Porter was born in London and educated at Wimbledon Technical College before making his stage debut in Cambridge at the age of seventeen. In 1955, he played the title role in Ben Jonson's Volpone at the Bristol Old Vic. In 1960 he joined the Royal Shakespeare Company.

Porter's greatest success was as the tortured solicitor Soames Forsyte in the BBC dramatisation of John Galsworthy's The Forsyte Saga (1967). For this role he won a BAFTA Best Actor award.

Eric Porter was a leading member of Peter Hall's company at Stratford during the 1960s, where his roles included Ulysses, Macbeth, Leontes, Malvolio, Shylock, Lear, Bolingbroke and Henry IV, as well as Marlowe's Doctor Faustus. On January 17, 2007, Peter O'Toole was interviewed on the Charlie Rose Show and was asked by Rose which actor had influenced him the most, and O'Toole replied: "Eric Porter."
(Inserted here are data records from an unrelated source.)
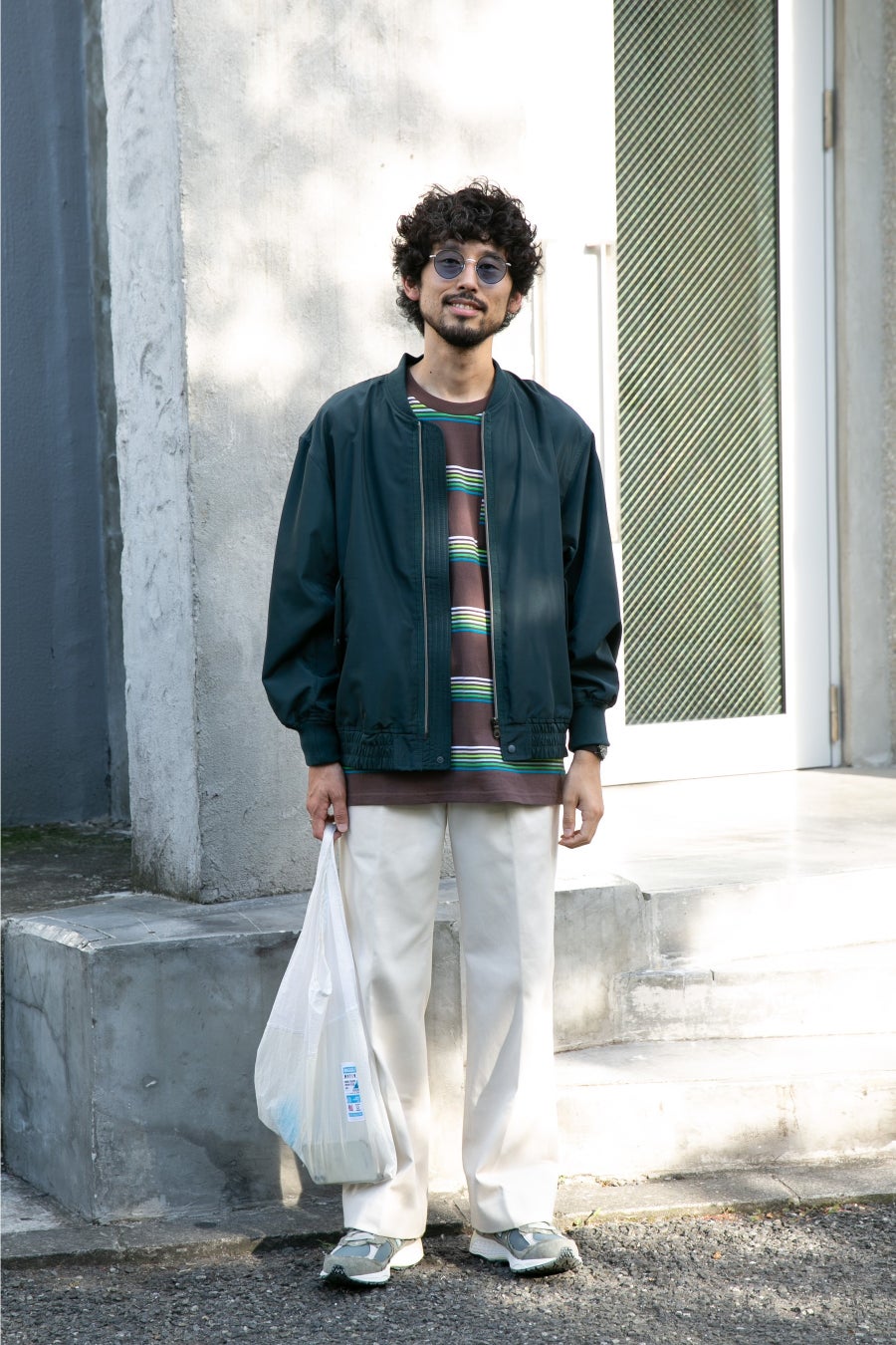 MA-1をベースに仕上げたボリューム感のあるバルーンシルエットのZIPブルゾン。ポリエステル100%で構成された高密度織物を使用。 糸軸にセミダル糸を使用することで、上品な光沢を付与し高級感を演出。これからの季節のコーディネートにアクセントをプラスするアイテムだ。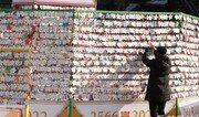 2022년 임인년을 앞두고 서울 종로구 조계사 마당에 설치된 ‘2022 소원의 탑’을 찾은 사람들이 14일 새해 소망을 적은 메모지를 걸고 있다. 신원건 기자 laputa@donga.com}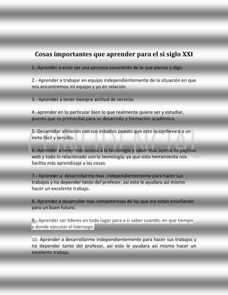 El documento presenta un resumen de las 10 cosas más importantes que un estudiante debe aprender para el siglo XXI según el maestro Lic. Gerardo Edgar Mata Ortiz. Estas incluyen aprender a ser consciente de los propios pensamientos y palabras, trabajar en equipo, desarrollar una actitud de servicio, enfocarse en lo que realmente desea estudiar, desarrollar afiliación con los estudios, aumentar el acceso a la tecnología, volverse más independiente para los trabajos, desarrollar más competencias para el futuro,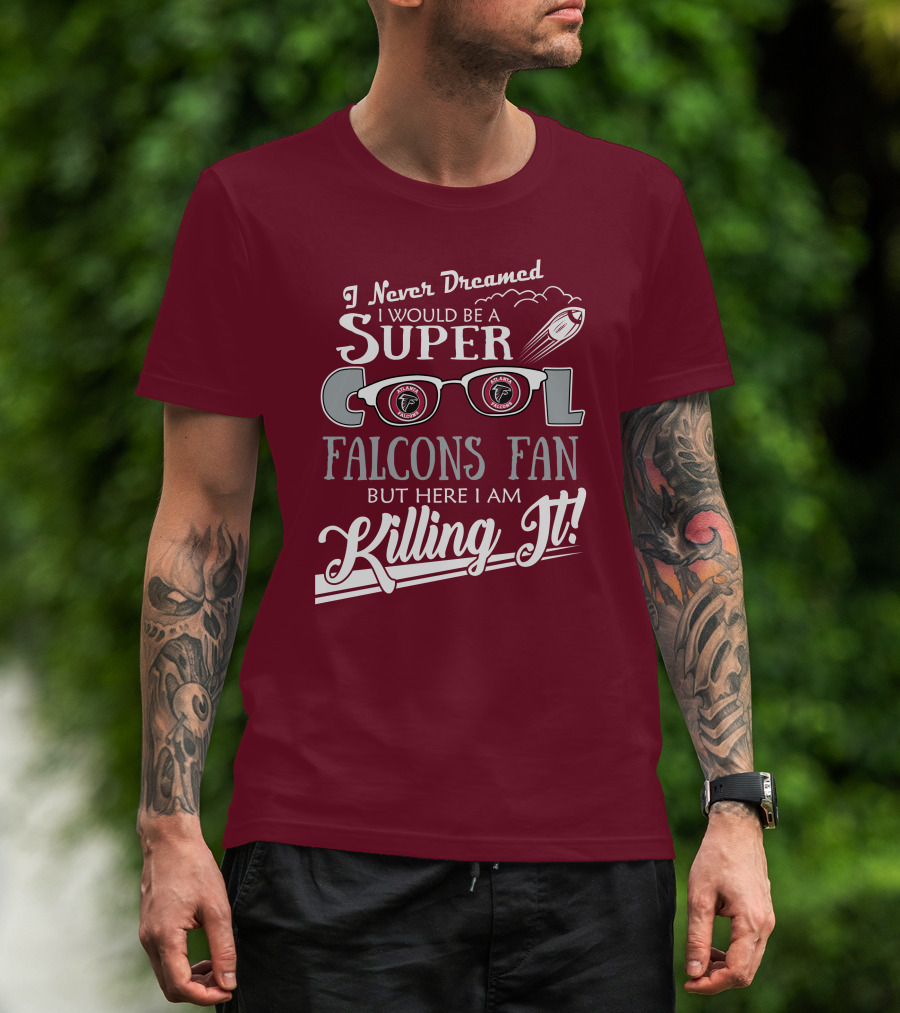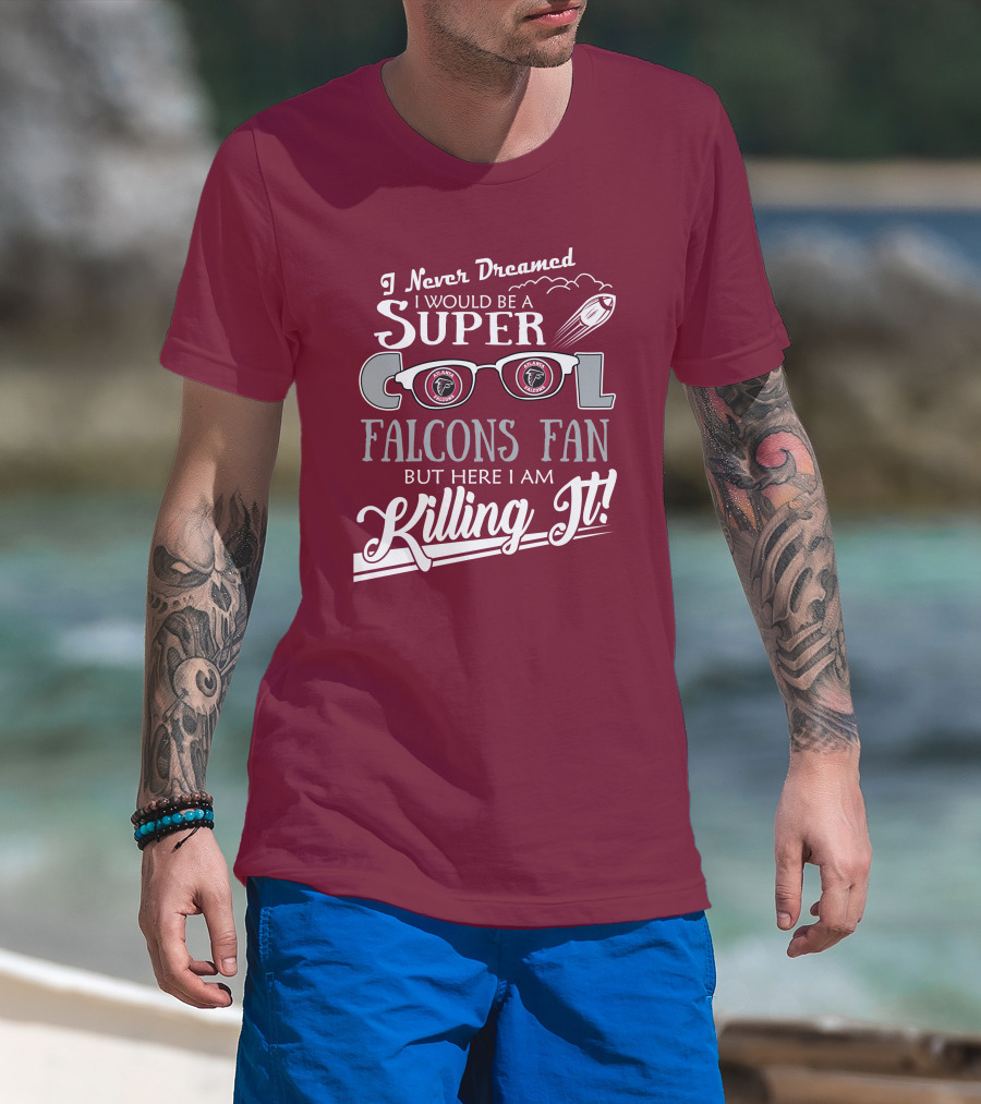 The I Never Dreamed I Would Be a Super Cool Atlanta Falcons Fan But Here I Am Killing It T-shirt is designed for everyday wear and a consistent fit. Fabric is pre-shrunk ring-spun cotton with durable stitching. See the size chart below for exact measurements.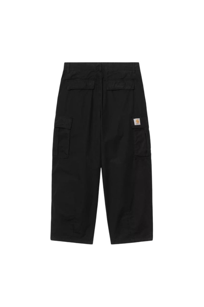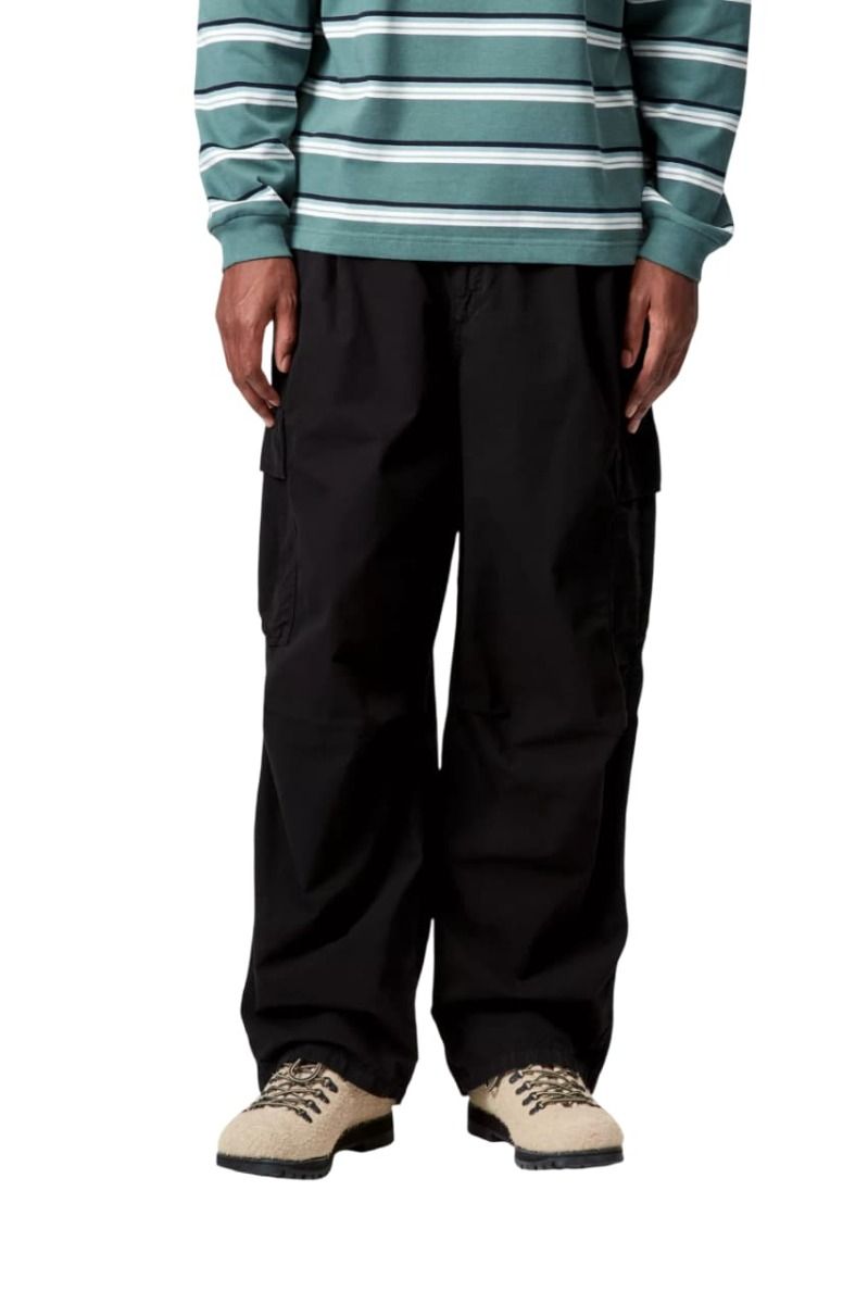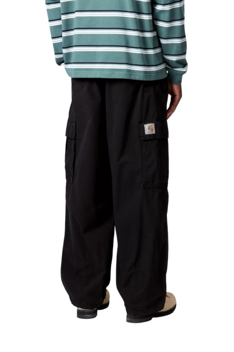 Pantalón cargo Carhartt WIP Cole negro Garment Dyed en popelina de algodón con corte relaxed y diseño técnico urbano.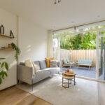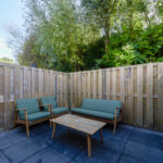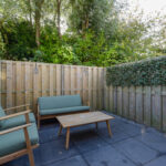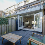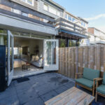 De knusse en lichte living geeft via openslaande deuren toegang tot de beschutte achtertuin, waar je heerlijk kunt genieten van de zon. Een perfecte combinatie van comfort en gezelligheid!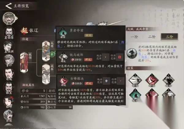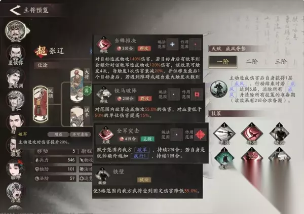 上面是新版天赋 分支选择:新版张辽的强度在线两个分支都可以选择,但玩法上有很大不同。 1.主帅流:适合友方的骑兵和战车较多时使用,利用兵种被动直接进行大军压境。 2.铁车流:通过超高的移动力与位移技能支取敌军中军,通过沿途附加撕裂和多次伤害刷新技能来保证自身输出。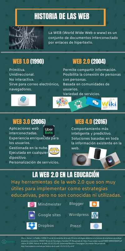 Chiu, L., Serna, L., & Padilla, J. (2014). El uso de herramientas de la web 2.0 como estrategias didácticas en el proceso de enseñanza-aprendizaje de jóvenes universitarios. PAAKAT: Revista de Tecnología y Sociedad, (7). Recuperado de: https://www.redalyc.org/pdf/4990/499051556007.pdf Latorre, M. (2018). Historia de las Web, 1.0, 2.0, 3.0 y 4.0. Universidad Marcelino Champagnat. Documento. Recuperado de: http://marinolatorre.umch.edu.pe/historia-de-la-web-1-0-2-0-3-0-y-4-0/
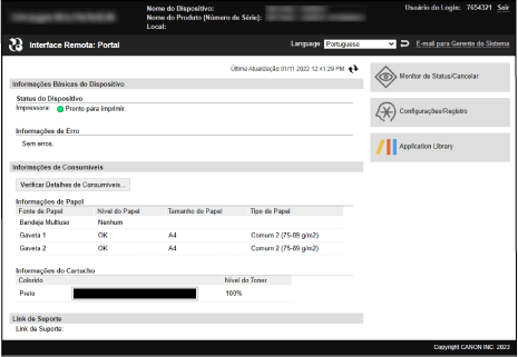 Quando inicia sessão na IU remota, aparece a página do portal (página superior da IU remota). Aqui, pode verificar o estado de funcionamento da máquina, visualizar várias informações e alterar as definições com o botão de operações.
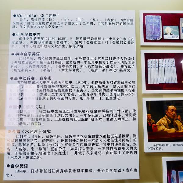 陈桥驿史料陈列室 这是我在仓桥直街内看到的最后一个展览馆了 再向前我就停止了脚步 大概继续向前,应该还有其他的展览室吧 这是我今天的仓桥直街线路算是结束了 坐标:仓桥直街内,靠近石门槛的位置 开放时间:8:30-17:00 门票:免费,需要登记信息然后就可以随便逛了 陈桥驿先生出生在绍兴,他是我国著名的历史地理学家,他的陨落是历史地理学界的一大损失啊,他对《水经注》的研究尤其的突出,在展馆内参观时,可以看到许多关于《水经注》的资料。 一走进去就能看到他的生平,真的是从小就是一个学霸啊 看别人的一生,真的跟开挂一样,那是因为他从小就非常刻苦,能如此成就的都是超级刻苦的,只是有时我们看不到。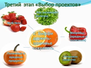Проект «с биффи дружить – здоровье сохранить» направлен на формирование у учащихся основ рационального питания и здорового образа жизни через экскурсии, беседы, эксперименты и творческую деятельность. В рамках проекта акцентируется внимание на полезных и вредных продуктах, их влиянии на здоровье, а также проводятся различные мероприятия для активизации познавательной деятельности детей. Цель проекта заключается в создании условий, способствующих развитию потребности в здоровом образе жизни и повышении уровня знаний о питании.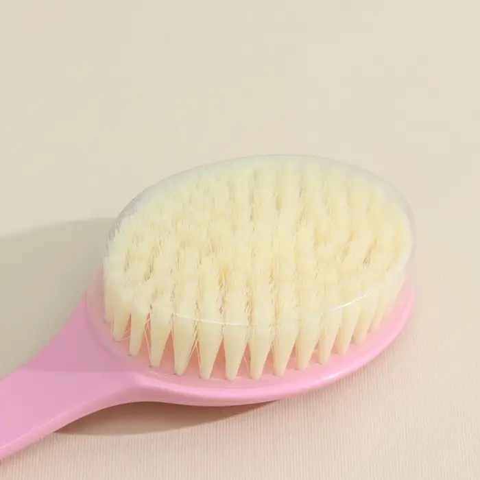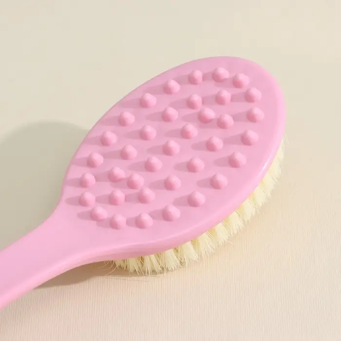 Щётка массажная для тела Доляна, с ручкой и массажёром, искусственная щетина, розовая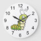 Uma lagarta fofa adorna este relógio. Isso ficaria fantástico em qualquer parede. Escolha entre várias formas e tamanhos.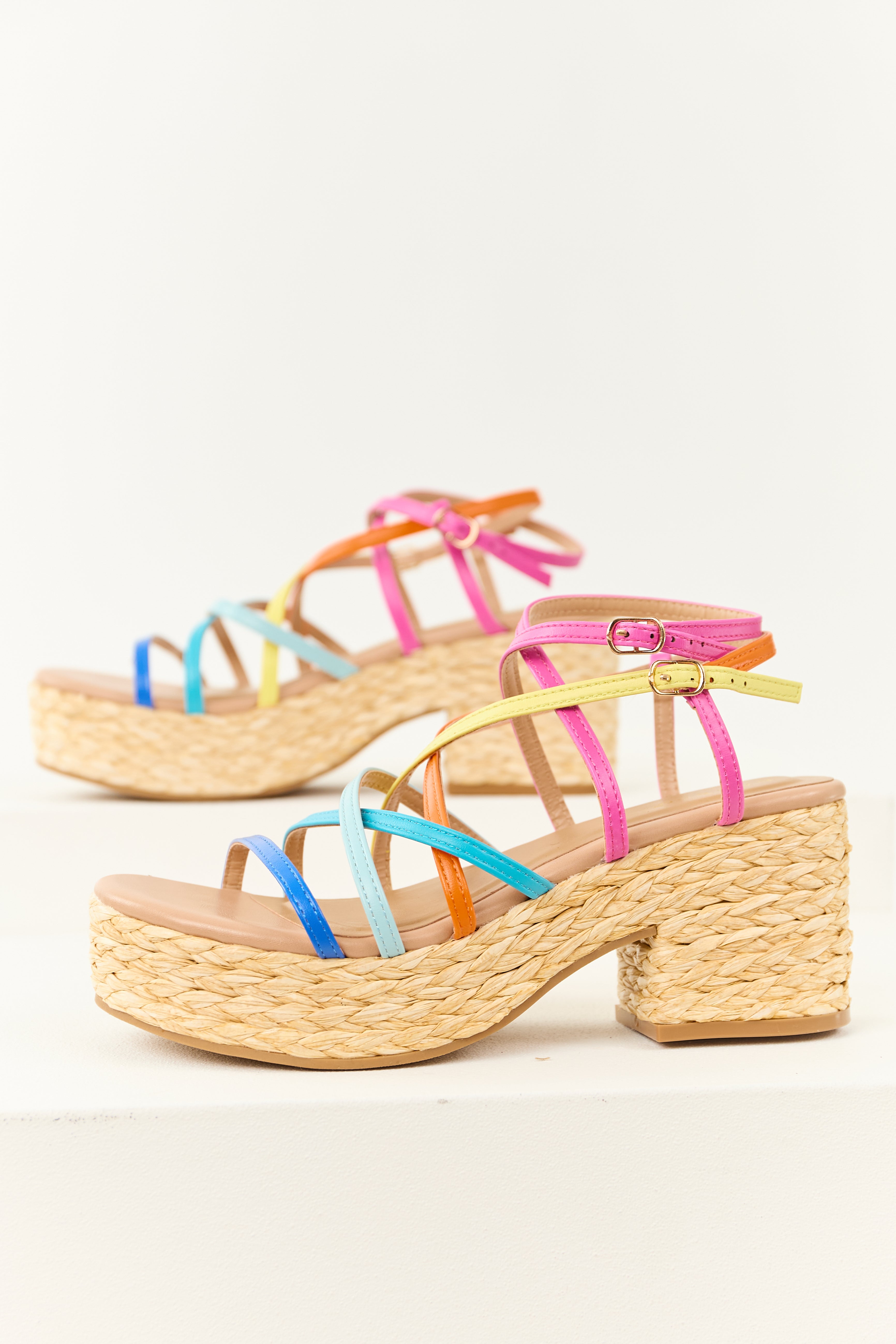 Step into bold style with these colorful raffia platform heels for a vibrant look. Featuring non-stretchy faux leather straps in shades of Magenta, Lemon, Sunset, Azure, Sky Blue, and Royal Blue. Designed with two adjustable buckle ankle straps, block heel, open rounded toe, and lightly cushioned insole. Shaft height: 5″, Heel height: 3″, Platform height: 1.5″, Circumference: 10″. Elevate your outfit with these party-ready heels! Product measured on size 8.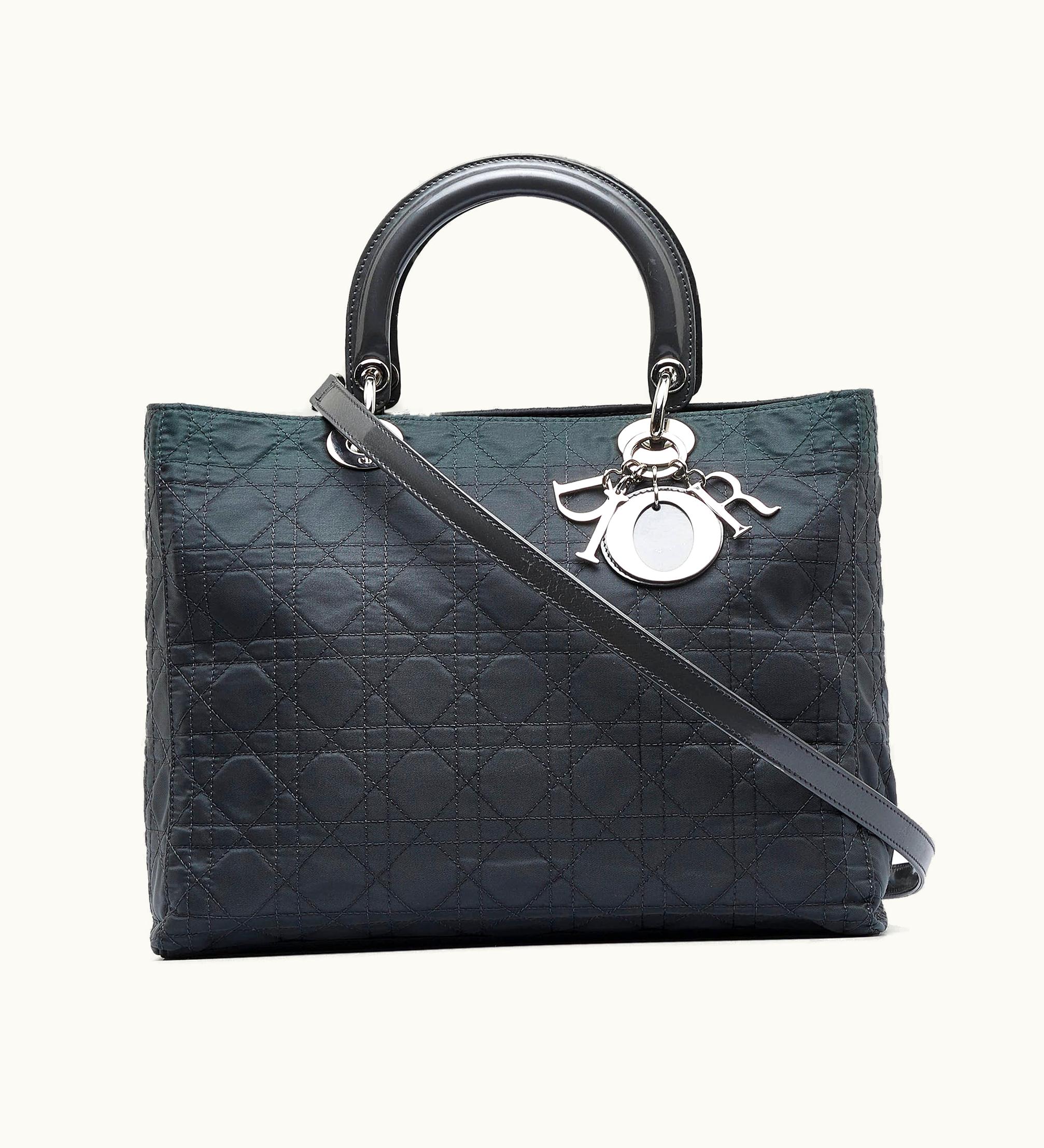 Dior Cannage Lady Satchel Quilted Nylon Black | GLINT

He was a versatile actor who played memorable roles in television dramas such as Jewel in the Crown, Fagin in the 1985 BBC version of Oliver Twist and as Professor Moriarty opposite Jeremy Brett's Sherlock Holmes in Granada Television's The Adventures of Sherlock Holmes stories The Red-Headed League and The Final Problem (both 1985). He also played Polonius in a 1980 television production of Hamlet, made as part of the BBC Shakespeare series, and starring Derek Jacobi in the title role.

Porter continued to act on stage, winning the London Evening Standard Theatre Award for Best Actor in 1988 for his role in Cat on a Hot Tin Roof.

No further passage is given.